Currently, monoclonal antibodies (MAbs) targeting the SARS-CoV-2 receptor binding domain (RBD) of spike (S) protein are classified into seven classes based on their binding epitopes. However, most of these antibodies are seriously impaired by SARS-CoV-2 Omicron and its subvariants, especially the recent BQ.1.1, XBB and its derivatives. Identification of broadly neutralizing MAbs against currently circulating variants is imperative. In this study, we identified a "breathing" cryptic epitope in the S protein, named as RBD-8. Two human MAbs, BIOLS56 and IMCAS74, were isolated recognizing this epitope with broad neutralization abilities against tested sarbecoviruses, including SARS-CoV, pangolin-origin coronaviruses, and all the SARS-CoV-2 variants tested (Omicron BA.4/BA.5, BQ.1.1, and XBB subvariants).

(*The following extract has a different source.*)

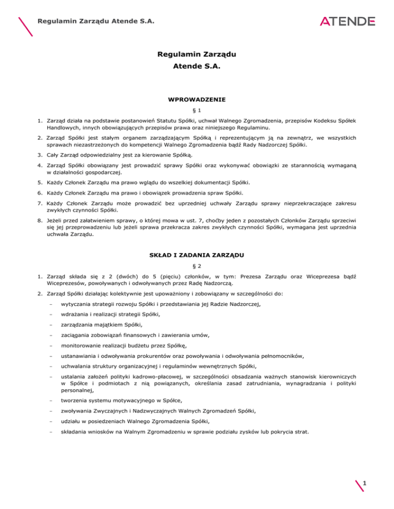 Regulamin Zarządu Atende S.A. Regulamin Zarządu Atende S.A. WPROWADZENIE §1 1. Zarząd działa na podstawie postanowień Statutu Spółki, uchwał Walnego Zgromadzenia, przepisów Kodeksu Spółek Handlowych, innych obowiązujących przepisów prawa oraz niniejszego Regulaminu. 2. Zarząd Spółki jest stałym organem zarządzającym Spółką i reprezentującym ją na zewnątrz, we wszystkich sprawach niezastrzeżonych do kompetencji Walnego Zgromadzenia bądź Rady Nadzorczej Spółki. 3. Cały Zarząd odpowiedzialny jest za kierowanie Spółką. 4. Zarząd Spółki obowiązany jest prowadzić sprawy Spółki oraz wykonywać obowiązki ze starannością wymaganą w działalności gospodarczej. 5. Każdy Członek Zarządu ma prawo wglądu do wszelkiej dokumentacji Spółki. 6. Każdy Członek Zarządu ma prawo i obowiązek prowadzenia spraw Spółki. 7. Każdy Członek Zarządu może prowadzić bez uprzedniej uchwały Zarządu sprawy nieprzekraczające zakresu zwykłych czynności Spółki. 8. Jeżeli przed załatwieniem sprawy, o której mowa w ust. 7, choćby jeden z pozostałych Członków Zarządu sprzeciwi się jej przeprowadzeniu lub jeżeli sprawa przekracza zakres zwykłych czynności Spółki, wymagana jest uprzednia uchwała Zarządu. SKŁAD I ZADANIA ZARZĄDU §2 1. Zarząd składa się z 2 (dwóch) do 5 (pięciu) członków, w tym: Prezesa Zarządu oraz Wiceprezesa bądź Wiceprezesów, powoływanych i odwoływanych przez Radę Nadzorczą. 2. Zarząd Spółki działając kolektywnie jest upoważniony i zobowiązany w szczególności do: wytyczania strategii rozwoju Spółki i przedstawiania jej Radzie Nadzorczej, wdrażania i realizacji strategii Spółki, zarządzania majątkiem Spółki, zaciągania zobowiązań finansowych i zawierania umów, monitorowanie realizacji budżetu przez Spółkę, ustanawiania i odwoływania prokurentów oraz powoływania i odwoływania pełnomocników, uchwalania struktury organizacyjnej i regulaminów wewnętrznych Spółki, ustalania założeń polityki kadrowo-płacowej, w szczególności obsadzania ważnych stanowisk kierowniczych w Spółce i podmiotach z nią powiązanych, określania zasad zatrudniania, wynagradzania i polityki personalnej, tworzenia systemu motywacyjnego w Spółce, zwoływania Zwyczajnych i Nadzwyczajnych Walnych Zgromadzeń Spółki, udziału w posiedzeniach Walnego Zgromadzenia Spółki, składania wniosków na Walnym Zgromadzeniu w sprawie podziału zysków lub pokrycia strat. 1 Regulamin Zarządu Atende S.A. 3. Członkowie Zarządu będą w sposób szczególny odpowiedzialni za przydzielone im, na mocy poniższych zapisów, obszary działalności Zarządu: a) b) c) d) Do zakresu kompetencji i odpowiedzialności Prezesa Zarządu należą: - planowanie i realizacja struktury zatrudnienia, podejmowanie decyzji w zakresie polityki kadrowej we współpracy z pozostałymi Członkami Zarządu, - nadzór nad działalnością wszystkich jednostek organizacyjnych Spółki, - opracowywanie strategii i polityki rozwoju grupy kapitałowej Spółki, - organizowanie współpracy w ramach Grupy Kapitałowej z pozycji nadzoru właścicielskiego, - ustalanie zasad działalności handlowej Spółki oraz nadzór nad ich respektowaniem, - nadzór nad relacjami Spółki z inwestorami, a w szczególności nad wykonywaniem obowiązków informacyjnych Spółki wynikających ze statusu spółki publicznej, - działania związane z wizerunkiem publicznym Spółki, a w szczególności z budowaniem wartości marek, działalnością promocyjną i marketingową Spółki, - opracowywanie strategii systemu motywacyjnego w Spółce oraz wytycznych do tego systemu – we współpracy z pozostałymi Członkami Zarządu, - współpraca z zespołem doradców Zarządu. Do zakresu kompetencji i odpowiedzialności Wiceprezesa Zarządu ds. Operacyjnych należy: - zarządzanie bieżącą działalnością Spółki w zakresie realizacji projektów i usług świadczonych przez Spółkę na rzecz klientów i projektów wewnętrznych, a w szczególności ustalanie zasad, wyznaczanie celów i nadzór nad poprawnością, jakością i efektywnością tych działań, - planowanie inwestycji związanych z działalnością operacyjną Spółki – we współpracy z pozostałymi Członkami Zarządu, - sprawowanie nadzoru nad rozwojem i utrzymaniem wewnętrznych aplikacji i systemów IT, - organizacja działań związanych z wprowadzaniem przez Spółkę norm jakości oraz uzyskiwania niezbędnych zezwoleń i certyfikatów w tym zakresie, - współpraca z zespołem doradców Zarządu. Do zakresu kompetencji i odpowiedzialności Wiceprezesa Zarządu ds. Handlowych należy: - opracowywanie planów i bieżące zarządzanie działalnością handlową Spółki, a w szczególności ustalanie zasad, wyznaczanie celów i nadzór nad poprawnością, jakością i efektywnością tych działań, - nadzór nad zarządzaniem relacjami Spółki z jej klientami i dostawcami, - planowanie i realizacja struktury zatrudnienia w Pionie Handlowym, podejmowanie decyzji w zakresie polityki kadrowej i warunków zatrudnienia bądź współpracy – w uzgodnieniu z Prezesem Zarządu, - współpraca z zespołem doradców Zarządu. Do zakresu kompetencji i odpowiedzialności Wiceprezesa Zarządu ds. Finansowych należy: - opracowywanie i monitorowanie realizacji budżetu Spółki, - nadzór nad opracowywaniem i wykonywaniem budżetu przez spółki Grupy Kapitałowej, - nadzór nad wykonywaniem obowiązków informacyjnych Spółki wynikających ze statusu spółki publicznej – w zakresie finansowym, - nadzór nad ustalaniem parametrów finansowych projektów zakwalifikowanych do tego typu nadzoru oraz nad zgodnością realizacji tych projektów z przyjętymi założeniami finansowymi, - organizacja i nadzór nad przepływem dokumentów finansowych w Spółce, - nadzór finansowy nad działalnością inwestycyjną Spółki, - organizacja kontrolingu finansowego w Spółce i nadzór nad jego

Searching through the literature, some more RBD-8 MAbs were defined. More importantly, BIOLS56 rescues the immune-evaded antibody, RBD-5 MAb IMCAS-L4.65, by making a bispecific MAb, to neutralize BQ.1 and BQ.1.1, thereby producing an MAb to cover all the currently circulating Omicron subvariants. Structural analysis reveals that the neutralization effect of RBD-8 antibodies depends on the extent of epitope exposure, which is affected by the angle of antibody binding and the number of up-RBDs induced by angiotensin-converting enzyme 2 binding. This cryptic epitope which recognizes non- receptor binding motif (non-RBM) provides guidance for the development of universal therapeutic antibodies and vaccines against COVID-19.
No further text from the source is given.